* _INFORMATION PROVIDED_:
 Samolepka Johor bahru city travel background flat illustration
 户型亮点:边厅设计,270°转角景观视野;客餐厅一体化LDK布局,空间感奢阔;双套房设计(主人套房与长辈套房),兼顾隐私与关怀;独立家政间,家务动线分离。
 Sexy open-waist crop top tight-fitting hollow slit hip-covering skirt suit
* * *
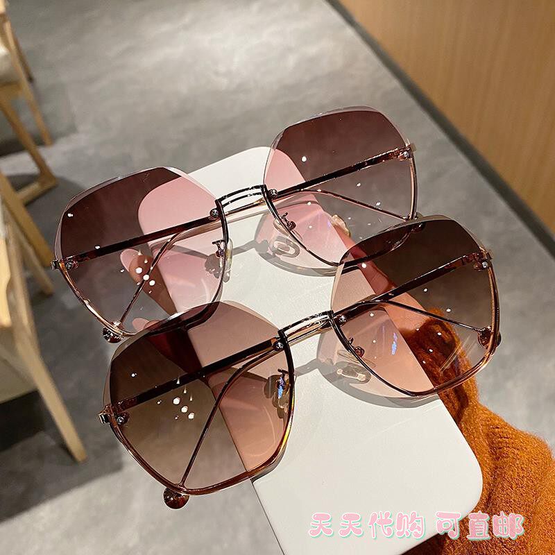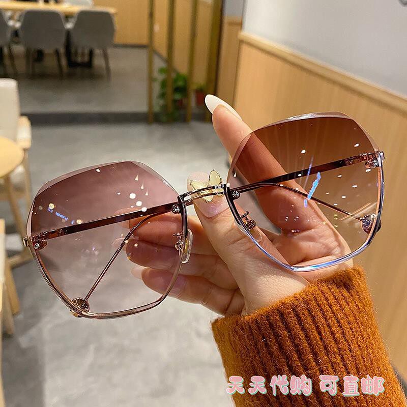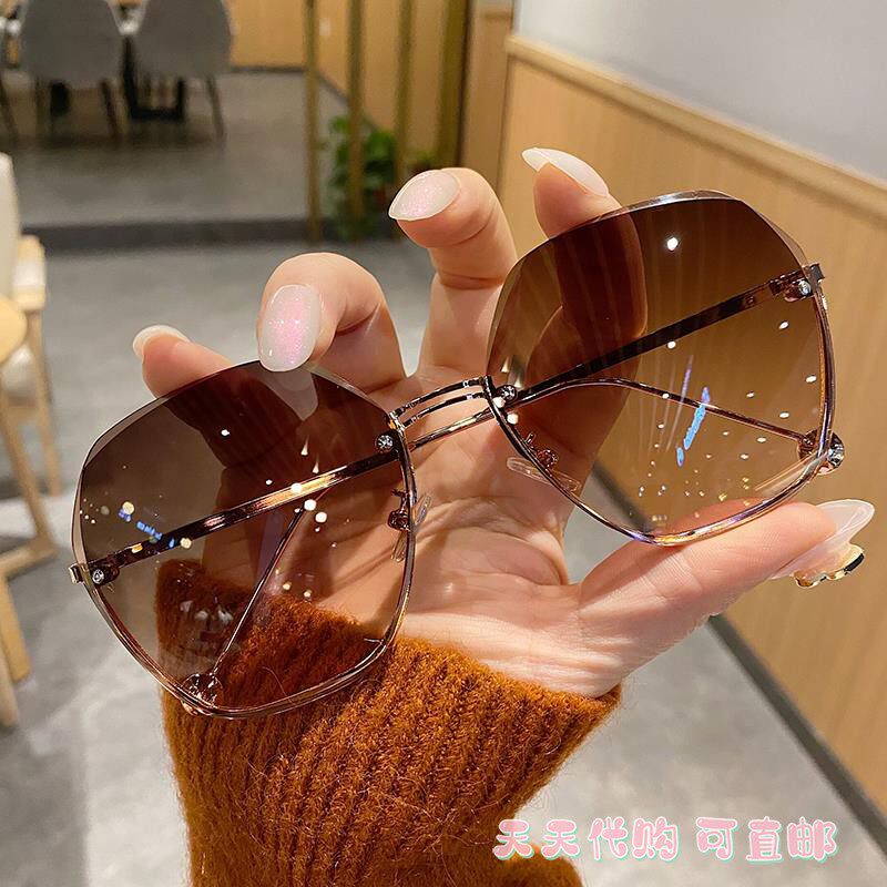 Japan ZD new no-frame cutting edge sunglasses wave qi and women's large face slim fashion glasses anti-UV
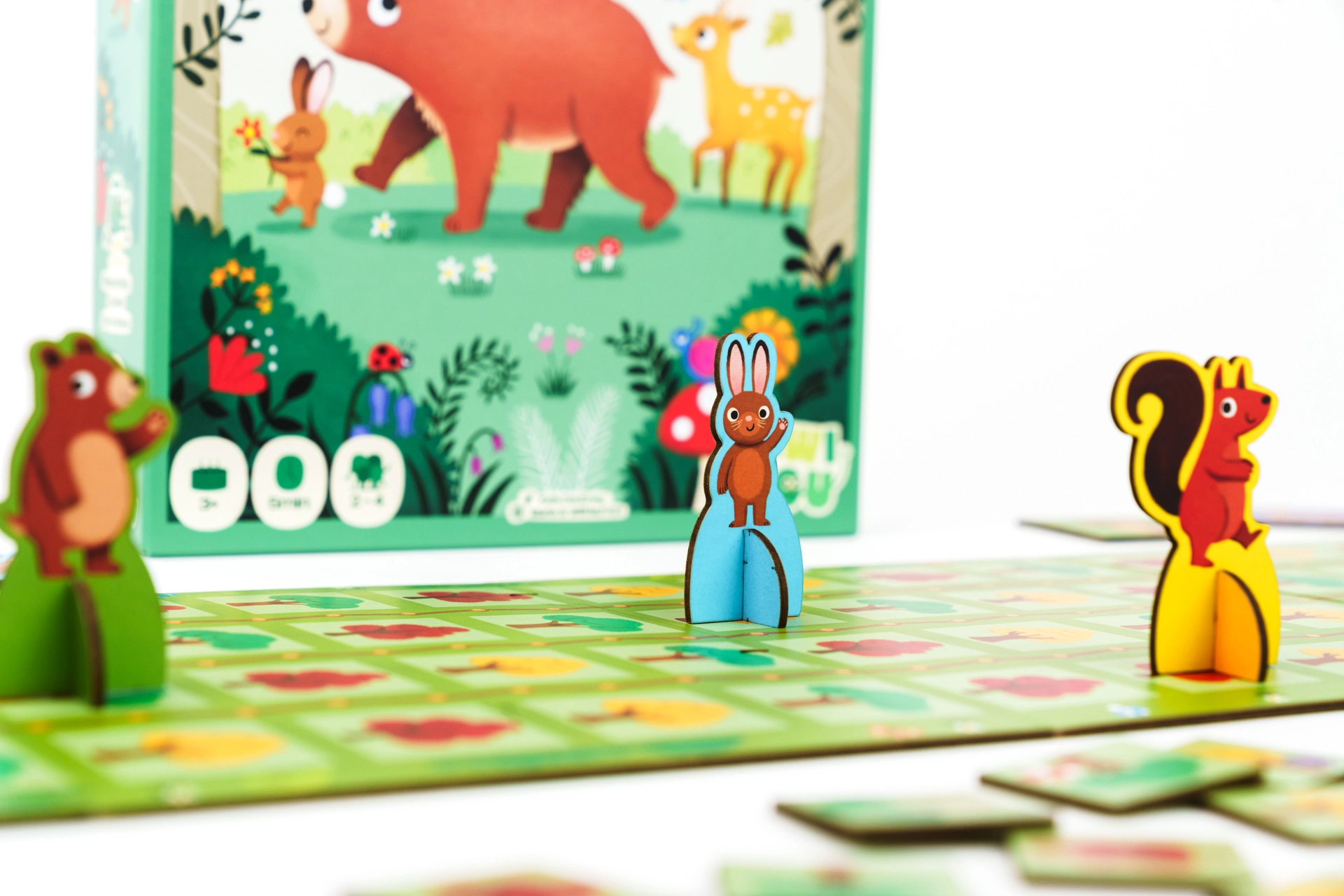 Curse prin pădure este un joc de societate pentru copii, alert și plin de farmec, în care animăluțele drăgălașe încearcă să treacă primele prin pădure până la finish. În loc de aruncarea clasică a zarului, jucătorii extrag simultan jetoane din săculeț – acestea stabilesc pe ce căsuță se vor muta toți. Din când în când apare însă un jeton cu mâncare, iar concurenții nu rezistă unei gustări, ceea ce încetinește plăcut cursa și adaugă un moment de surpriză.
* * *
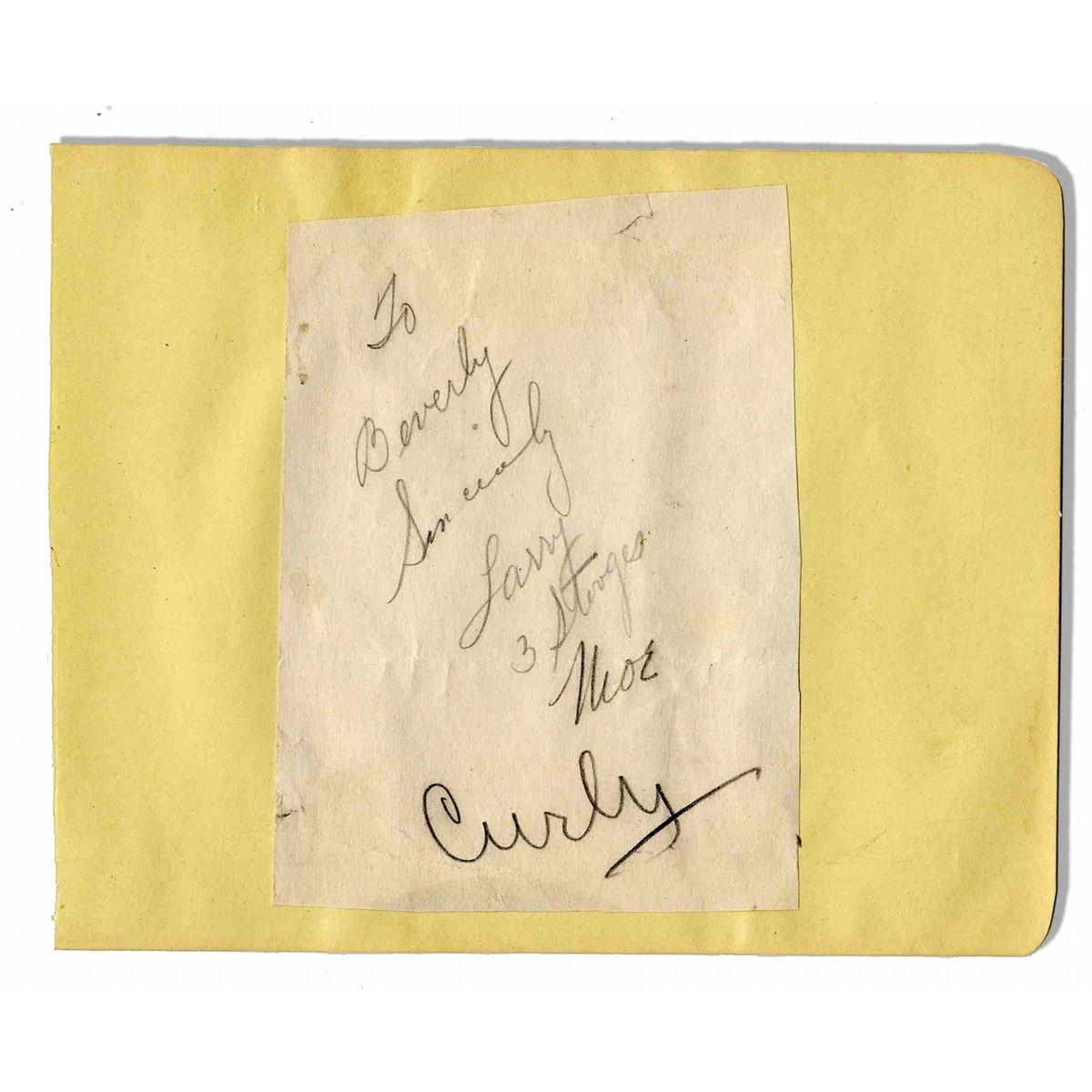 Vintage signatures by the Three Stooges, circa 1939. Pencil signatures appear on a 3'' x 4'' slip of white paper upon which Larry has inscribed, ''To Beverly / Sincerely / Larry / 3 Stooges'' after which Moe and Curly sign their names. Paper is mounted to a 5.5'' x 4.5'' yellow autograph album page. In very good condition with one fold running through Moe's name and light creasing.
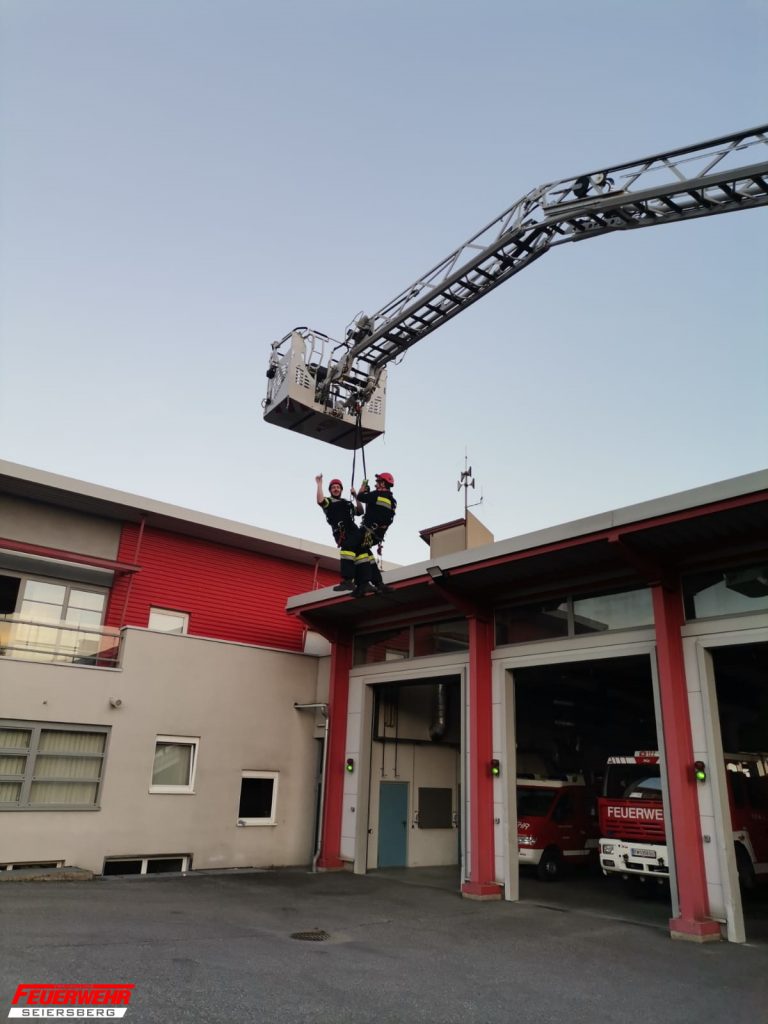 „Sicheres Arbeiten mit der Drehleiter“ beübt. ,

* _WORK ITEM_: Copy exactly the stretch of data above from the line with "Samolepka Johor bahru" through the line with "Sexy open-waist crop", and omit all other lines.

* _WRITTEN ANSWER_:
 Samolepka Johor bahru city travel background flat illustration
 户型亮点:边厅设计,270°转角景观视野;客餐厅一体化LDK布局,空间感奢阔;双套房设计(主人套房与长辈套房),兼顾隐私与关怀;独立家政间,家务动线分离。
 Sexy open-waist crop top tight-fitting hollow slit hip-covering skirt suit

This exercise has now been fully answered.